In this study, we measured changes in glacier area and surface elevation in the major six regions described above – AV: Avachinsky Volcanic Group, KR: Kronotsky Peninsula, KL: Klyuchevskaya Volcanic Group, IC: Ichinsky, AL: Alney and NS: Northern Sredinny Ranges (Fig. 1). Furthermore, the AV and NS regions are divided into sub-regions – AV1: Avachinsky, AV2: Zhupanovsky, NS1: Shishel, NS2: Khuvkhoitun, NS3: Ostry and NS4: Tylele and Pauk. These regions cover 89% of the total glacier area on the Kamchatka Peninsula. Small glaciers scattered throughout other regions are analyzed only for changes in the area, but not for the surface elevation. These glaciers cover 60 km2 in total, which accounts for 11% of the entire glacier area in Kamchatka.

3. Data and method

3.1. Glacier outline and area

Glacier outlines were delineated manually based on the Landsat 7 Enhanced Thematic Mapper Plus (ETM+) and Landsat 8 Operational Land Imager (OLI) images acquired in 2000‒02 and 2014‒16 (Table S1). The images were downloaded from the Earth Explorer website maintained by the United States Geological Survey (http://earthexplorer.usgs.gov/). We used the ETM+ and OLI images with a spatial resolution of 30 m. Debris-covered glaciers located in AV, KL and IC were delineated with the aid of surface topographic features arising from ice movement (Barr and others, Reference Barr, Lynch, Mullan, De Siena and Spagnolo2018b). Debris-covered and debris-free areas were distinguished based on surface features on the Landsat false color imagery. The ArcticDEM shade maps with 7 m resolutions were used for this purpose (Noh and Howat, Reference Noh and Howat2015; Morin and others, Reference Morin2016). Based on the outlines obtained, the glacier area in each region was calculated for the periods 2000/01/02 and 2014/15/16. Uncertainty in the area measurement δA was estimated as

(1)$$\matrix{ {\delta A = \sqrt {\displaystyle{{\mathop \sum \nolimits_{i = 1}^n {( {A_i-{\hat{A}}_i} ) }^2} \over n}} } \cr } $$

where n is the number of glaciers in the region, A i is the area of an individual glacier computed from a manually delineated outline and $\hat{A}_i$ is the area obtained after the conversion of the polygon to a raster image composed of 30 m × 30 m pixels (Bajracharya and others, Reference Bajracharya, Maharjan and Shrestha2014).

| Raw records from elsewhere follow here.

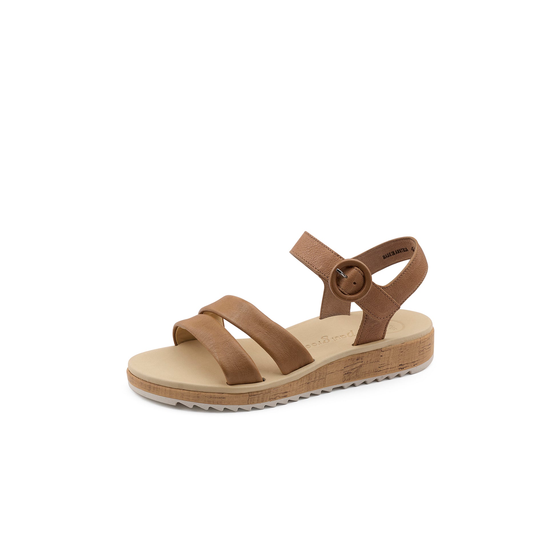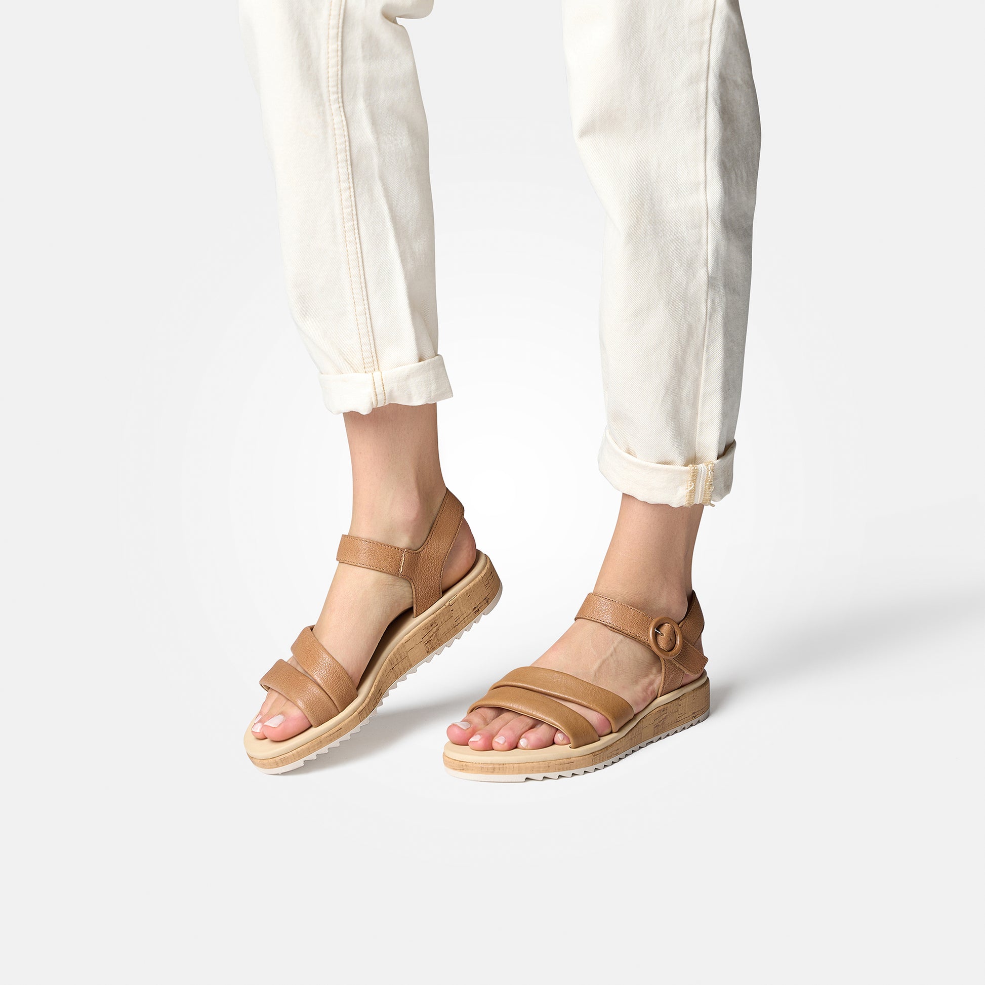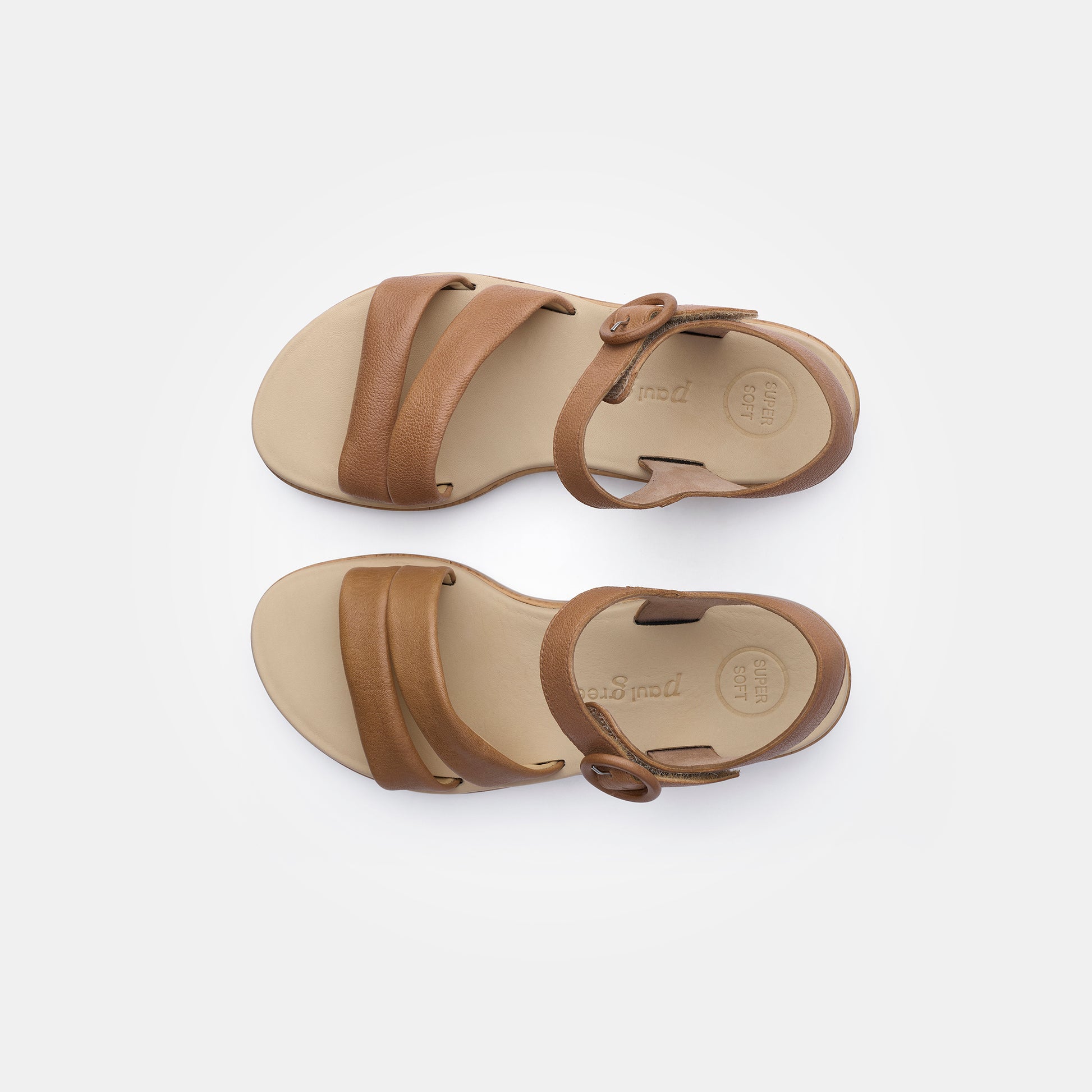 Paul Green tan leather sandals. The toe straps are stitched and turned so there are no rough edges just beautifully soft quilted leather against your feet. The ankle strap is a hook and loop fastening disguised as a buckle.
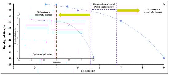 The behavior of DB15 degradation within a wide range of pH values is displayed in Figure 5A,B. As shown in Figure 5A, a low degradation rate is observed at pH 9 (pH higher than pzc range values). This outcome is mainly due to a repulsive force between the negatively charged Degussa surface and anionic DB15 dye that includes four negative sulfonate groups. Such a repulsive force leads to adsorb little amounts of DB15 on the P25 catalyst surface, subsequently a lowered removal rate. As the pH values decrease and become lower than pzc range values, the DB15 removal is increased. This behavior is explained by the presence of a strong attractive force between anionic DB15 and the positively charged Degussa surface, which results in the adsorption of large amounts of DB15 on the catalyst surface. Hence, the degradation rate is then increased.
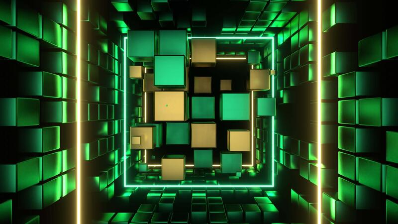 Turquoise and Light Yellow Cubic Entity Move Through Tunnel Background VJ Loop in 4K Free Video
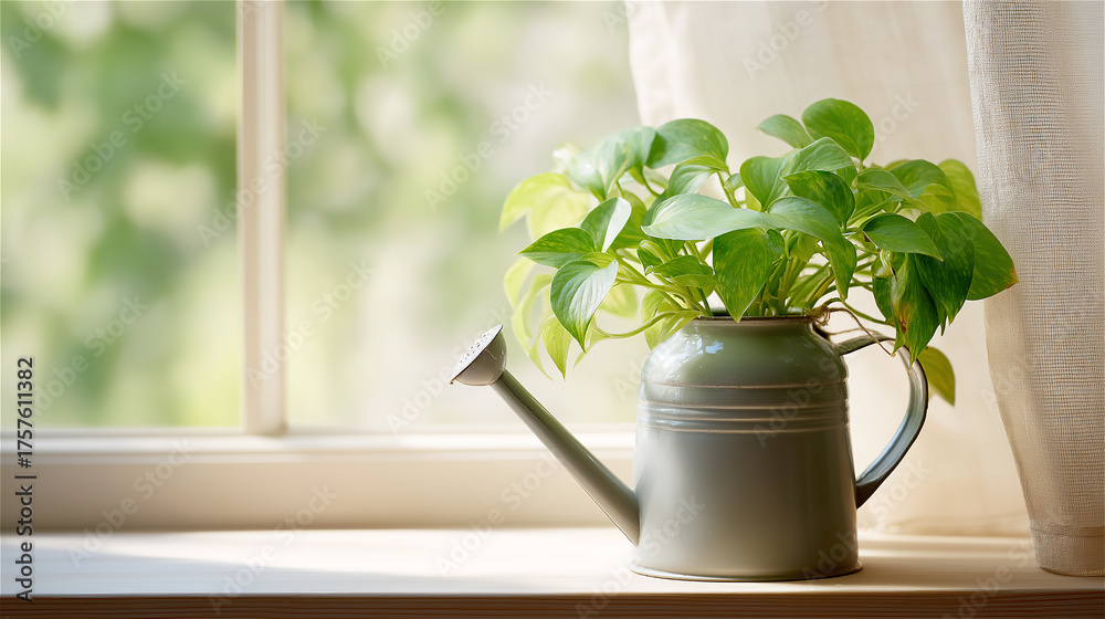 Potted green plant near bright window in natural sunlight, concept of home decor, nature and sustainable living. #1757611382
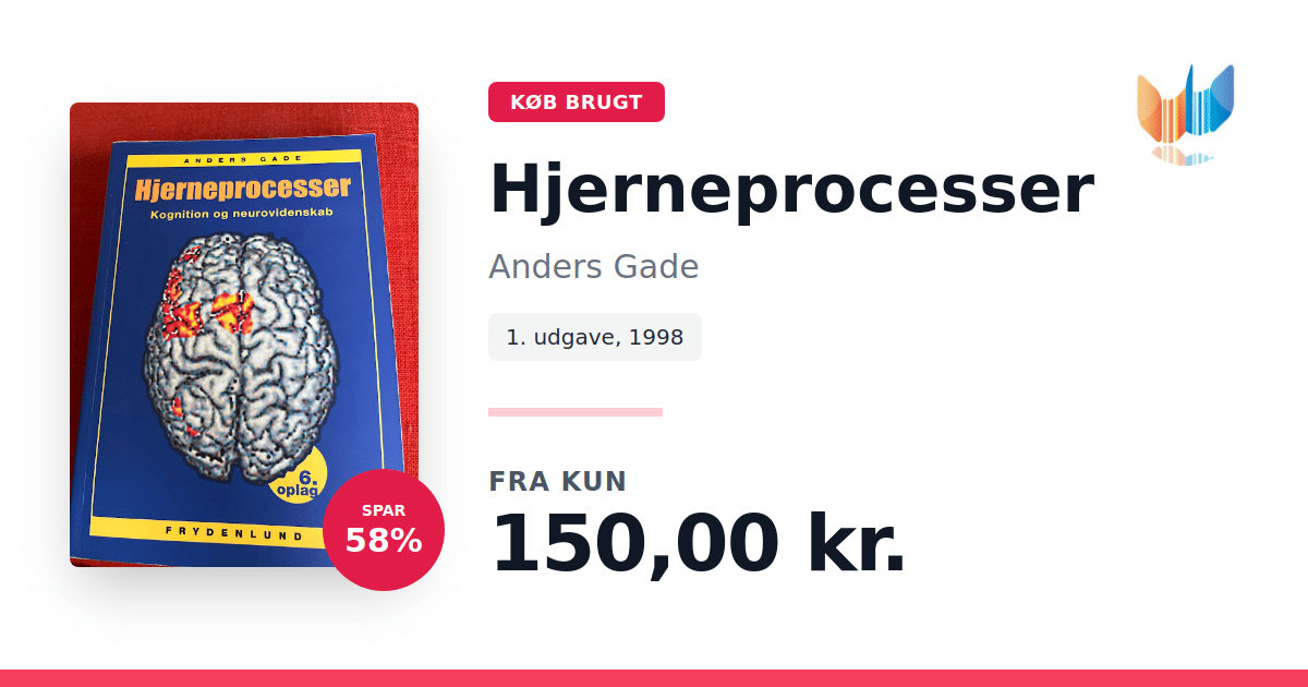 Lige nu kan du købe "Hjerneprocesser" af Anders Gade til kun 150,00 kr. Du sparer hele 58% af nyprisen! Bogen du ser her er brugt, og i god stand. Vi har i øjeblikket 4 eksemplarer til salg af "Hjerneprocesser", så husk at se de forskellige udgaver.
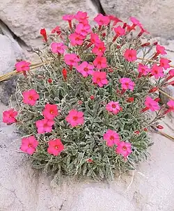 This perennial herb has a thick basal clump of sticky leaves growing just a few centimeters tall. The flowers are scarlet to blue-purple[2] in color, sometimes fading maroon or purple.[1] Flowering occurs in June and July,[1] and seeds are produced in July and August.[2]

3.2. Surface elevation and mass change

3.2.1. Data

Changes in glacier surface elevation from 2000 to 2016 were analyzed using DEMs generated in this study, as well as those available in the study region. If available, DEMs obtained in summer (June–September) were chosen, in order to minimize the influence of seasonal variations (Tables S2 and S3). We used DEMs from four data sources:

  1. (1) SRTM: SRTM DEM is an elevation model obtained from a synthetic aperture radar survey performed in February 2000 (Farr and others, Reference Farr2007). C-band void-filled elevation data (SRTM Global 1 arcsec V003) is distributed by the National Aeronautics and Space Administration at the Earthdata website (https://search.earthdata.nasa.gov/). The spatial resolution is 30 m and the accuracy of the elevation was reported as being 6.9 m (Mukul and others, Reference Mukul, Srivastava and Mukul2015). The DEM was bilinearly resampled into a mesh based on WGS 84/UTM zone 57.

  2. (2) ArcticDEM: ArcticDEM is a set of DEMs generated from high-resolution stereo pair imagery acquired by Worldview series and GeoEye-1 satellites (Noh and Howat, Reference Noh and Howat2015; Morin and others, Reference Morin2016). The DEMs are provided by the Polar Geospatial Center at https://data.pgc.umn.edu/elev/dem/setsm/ArcticDEM/. We used ArcticDEM Release 7, which covered the Kamchatka Peninsula for the period 2014–16 (Table S2). Original data available with a 2 m pixel size in NSIDC Sea Ice Polar Stereographic North were bilinearly resampled into a 30 m pixel size in UTM zone 57. The RMSE of ArcticDEM is reported as being 3.8 m in horizontal and 2.0 m in vertical directions (Noh and Howat, Reference Noh and Howat2015).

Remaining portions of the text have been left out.